More honest and more interesting are the connections drawn to slavery, the hatred of natural predators as competitors over declining stocks, and the lack of meaningfully protected areas of the sea. I believe it would be possible to make a better movie about all of those things, with better graphs. George Monbiot himself, in his Guardian column, summed it up:
The film gets some things wrong. It cites an outdated paper about the likely date of the global collapse of fisheries. Two of its figures about bycatch are incorrect. It confuses carbon stored by lifeforms with carbon stored in seawater. But the thrust of the film is correct: industrial fishing, an issue woefully neglected by the media and conservation groups, is driving many wildlife populations and ecosystems around the world towards collapse. Vast fishing ships from powerful nations deprive local people of their subsistence. Many “marine reserves” are a total farce, as industrial fishing is still allowed inside them. In the EU, the intensity of trawling in so-called protected areas is greater than in unprotected places. “Sustainable seafood” is often nothing of the kind. Commercial fishing is the greatest cause of the death and decline of marine animals.
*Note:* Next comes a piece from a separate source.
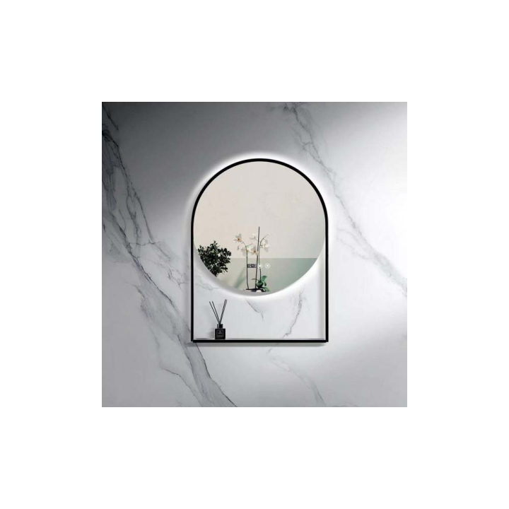 ОГЛЕДАЛО ЗА БАНЯ МАКЕНА 601 С LED ОСВЕТЛЕНИЕ, РАФТ И ЧАСОВНИК 60/12/80 СМ

As in Planet of the Humans (2019), the environmental movement here eats its own from an underdog topos. It is apparently easier and more dramatic to throw around unsubstantiated accusations of deep corruption in the movement than to target the commercial fishing industry itself. This is sad, and there is little to learn here if you already read good journalism, but in the end, Seaspiracy is a lot better than Cowspiracy. That is not because the cinematic production is more slick but because the facts, when they appear, are handled better.